The above-reported upward bias of LDAK is smaller than that found by Lee et al. (the second claim above), which might be a result of fewer SNPs (approximately four million versus eight million) because we imposed stricter quality control (QC). We believe that strict QC is crucial in the estimation of h² for binary traits,^1,2 but to allow direct comparison, we relaxed the QC thresholds to match those of Lee et al. Afterwards, our data set had 7,190,149 SNPs. Because of the limited time to prepare this response, we only used chromosomes 1 and 2 (1,153,686 SNPs) and simulated 1,000 causal variants. Focusing on the architectures with s = −1 in Table 2, we observed overestimation of h² by LDAK, although to a lesser extent than did Lee et al. (2%, 2%, and 1% compared with 6%, 5%, and 3%). When weightings are calculated, LDAK by default models linkage-disequilibrium decay with distance in order to give more weight to local correlations than to long-range correlations that might be due to relatedness. For unrelated individuals, this is unnecessary, and so a large value (such as 100 Mb) can be used for the decay parameter. With this change, no bias is apparent (LDAK2).

Table 2.

Performance of GCTA and LDAK for Very Dense Data

Architecture	GCTA	LDAK	LDAK2
Causal SNPs Picked at Random
Architecture A (s = 1)	0.49 (0.03)	0.52 (0.04)	0.50 (0.04)
Architecture B (s = 0)	0.55 (0.02)	0.54 (0.03)	0.52 (0.03)
70% Causal SNPs with MAF < 0.1
Architecture C (s = 1)	0.49 (0.02)	0.52 (0.04)	0.50 (0.04)
Architecture D (s = 0)	0.51 (0.02)	0.52 (0.03)	0.50 (0.03)
All Causal SNPs with MAF < 0.1
Architecture E (s = 1)	0.42 (0.03)	0.51 (0.04)	0.49 (0.04)
Architecture F (s = 0)	0.46 (0.03)	0.51 (0.04)	0.49 (0.04)

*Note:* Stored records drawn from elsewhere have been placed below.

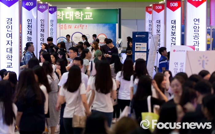 (서울=포커스뉴스) 3일 오후 서울 강남구 코엑스에서 2017학년도 수시 전문대학 입학정보 박람회를 찾은 학생들이 입학상담을 위해 이동하고 있다.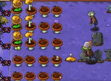 2、首先需要放置阳光向日葵、小盆菇和土豆雷,积攒阳光后放置阳光胆小菇。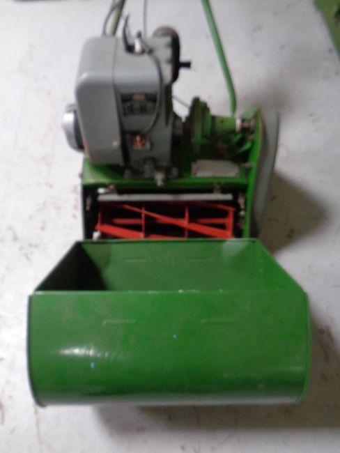 A vintage Qualcast Suffolk engine model 22A type 7SG14 petrol lawn mower with grass box and roller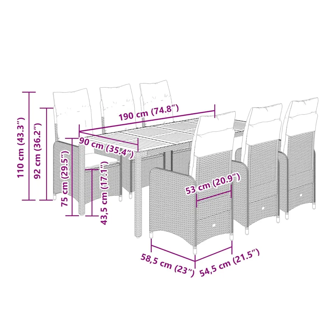 - Dimensions : 190 x 90 x 75 cm (L x l x H)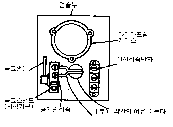③ 시험코크 또는 키를 접점수고치에 조정하고 테스트 펌르로 적량의 공기를 서서히 불어 넣음
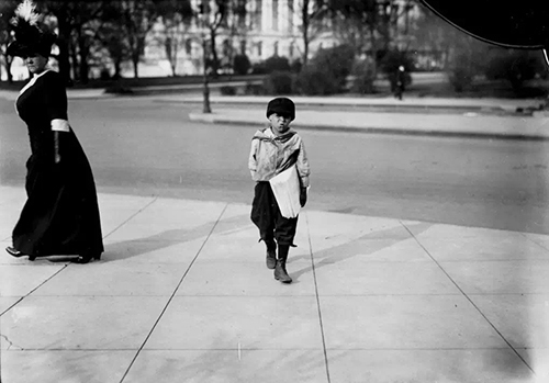 路易斯·韦克斯·海因(Lewis Hine)出生于美国威斯康星州,他一生的摄影作品,几乎都和工人的生活状况有关。生于贫困家庭,但他成功读上芝加哥大学和哥伦比亚大学,并曾在纽约市担任教师一职。在学校中,他鼓励学生多以摄影作为教学媒介,并常常和这班学生常常到处摄影。在1904年至1909年间,他就拍下了200多张的照片,最后更成为了一个摄影记者。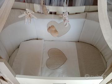 Culla Sofia Feritre bianca e tortora, culla con spigoli arrotondati per la massima sicurezza, ampio e comodo cassetto,ruote piroettanti con gomma anti traccia di cui due con freno. La culla è dotata di materasso, kit velo e zanzariera, coordinato tessile ( piumone e paracolpi), cuscino e paracolpi.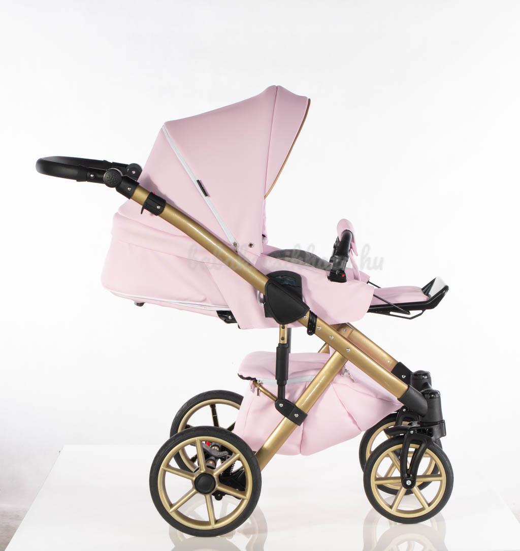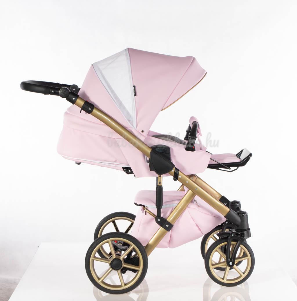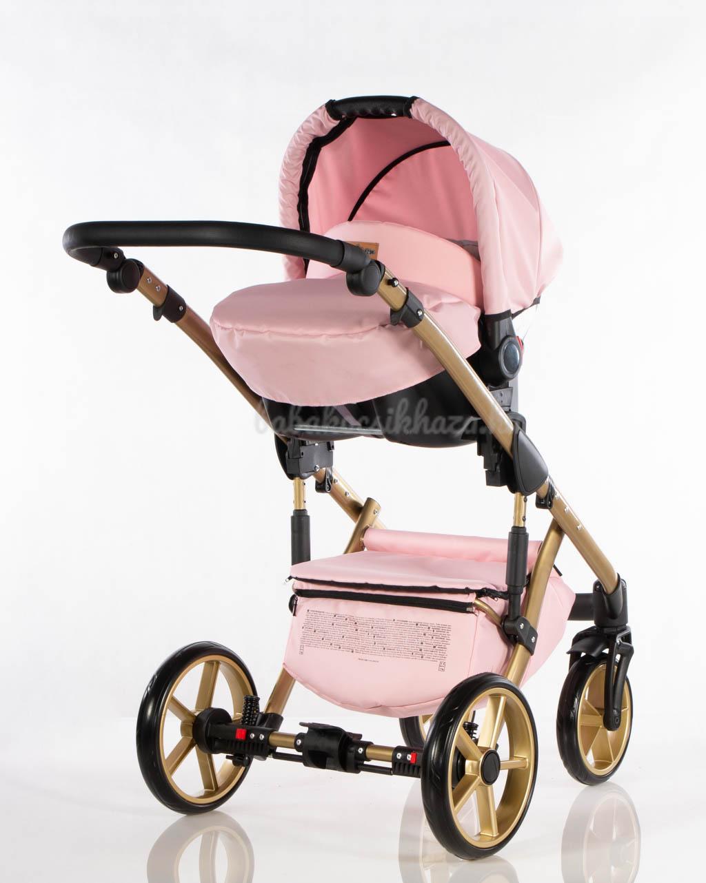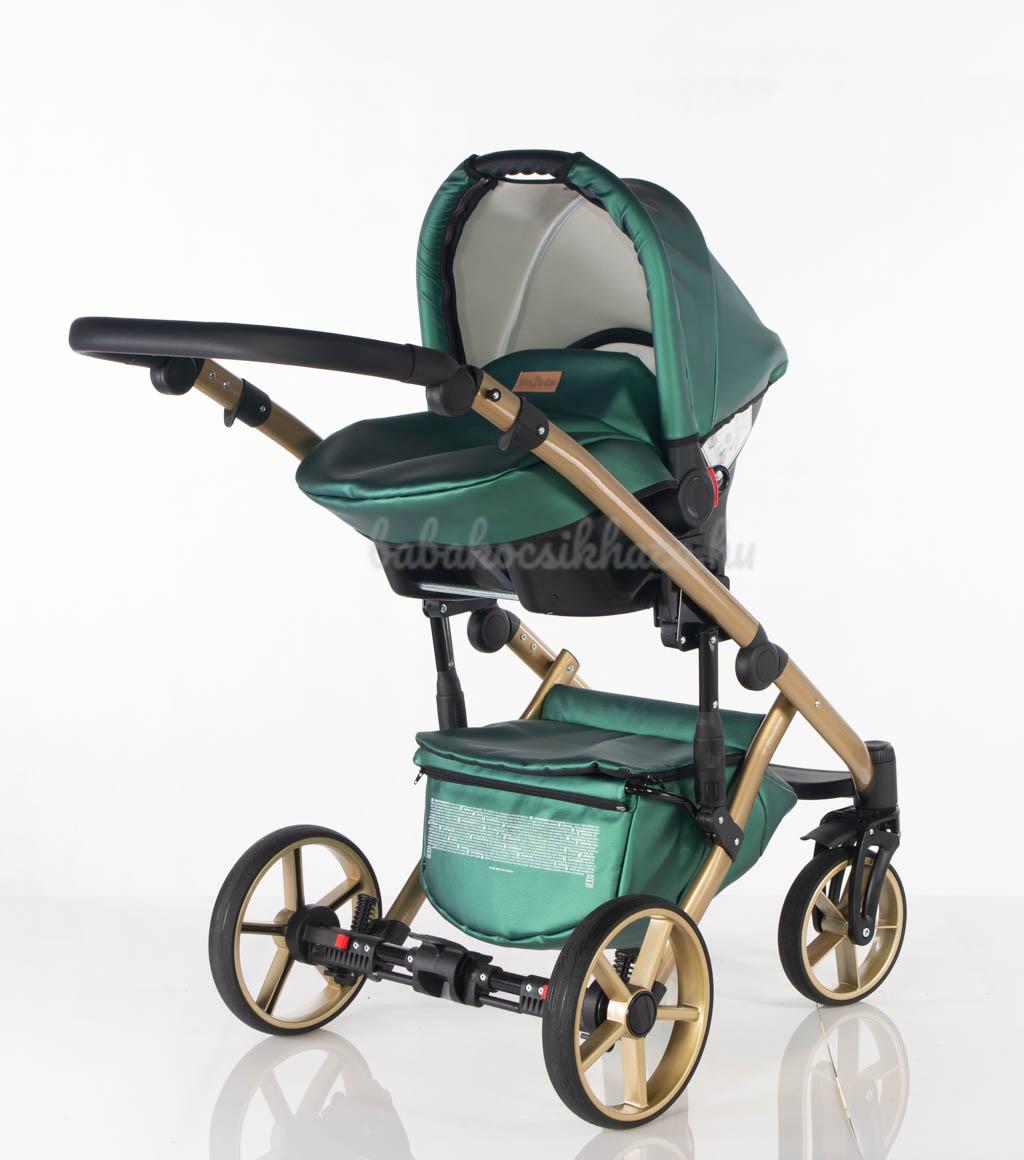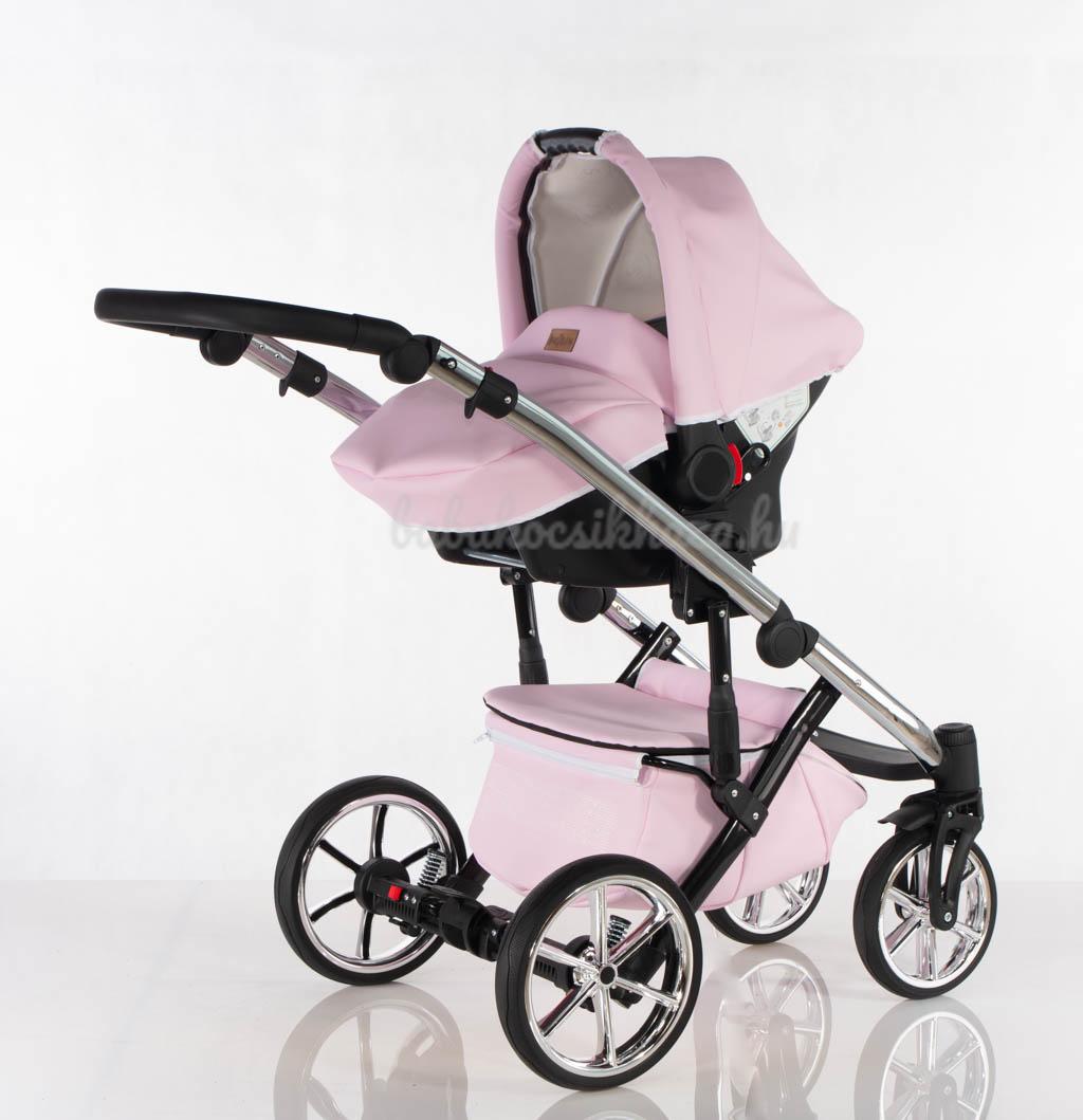 Babahordozó-külön megvehető: 0-10kg-ig (kb.1éves korig) használható, adapter segítségével egy mozdulattal rögzíthető a babakocsi vázszerkezetére, jó oldal- és fejvédelem, kivehető frottír újszülött szűkítőbetét és deréktámasz, kupola, 3 pontos párnázott biztonsági övrendszer központi övfeszítővel, vastag lábzsák (súlya: 2,5kg)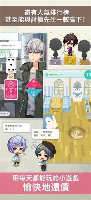 百万美金男孩是一款以恋爱为主题的经营游戏,玩家将需要和一些不同的男孩进行互动,并不断的熟悉这些男孩,这些男孩也会为玩家提供一些帮助,如帮助玩家打造出一个更加美好的咖啡店等。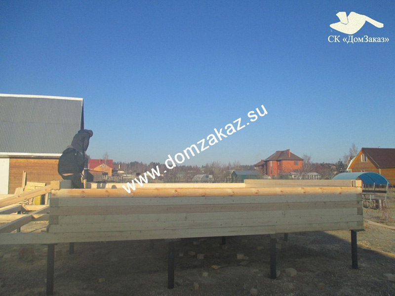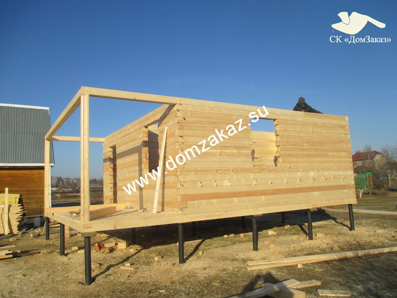 Строительство дома 6х8 м. в Калужской области, г. Жуков в ноябре 2014 года. Цена дома из профилированного бруса 140х140мм 678000 руб., дополнительное утепление до 100мм, обшивка фронтонов блок-хаус, кровля металлочерепица, навес 1х1,5м, сборка на деревянные нагеля, ройки в оконные и дверные проемы 1 этажа, свайно-винтовой фундамент.

LDAK employs the default parameter settings when computing weightings; LDAK2 turns off the linkage-disequilibrium-decay function. The true (simulated) h² is 0.5. Each value reports the mean estimate of h² over 50 replicates (the empirical SD is provided in parentheses).

In summary, although we agree with Lee et al. that MAF stratification is effective in reducing biases caused by misspecification of the scale parameter s, we feel that it remains important to adjust for uneven tagging. In addition to achieving improved accuracy by incorporating the LDAK weightings, this approach effects SNP pruning (for imputed data, approximately 90% of SNPs will receive weight zero and so can be discarded), thus reducing the subsequent task of computing GRMs by a factor of about ten.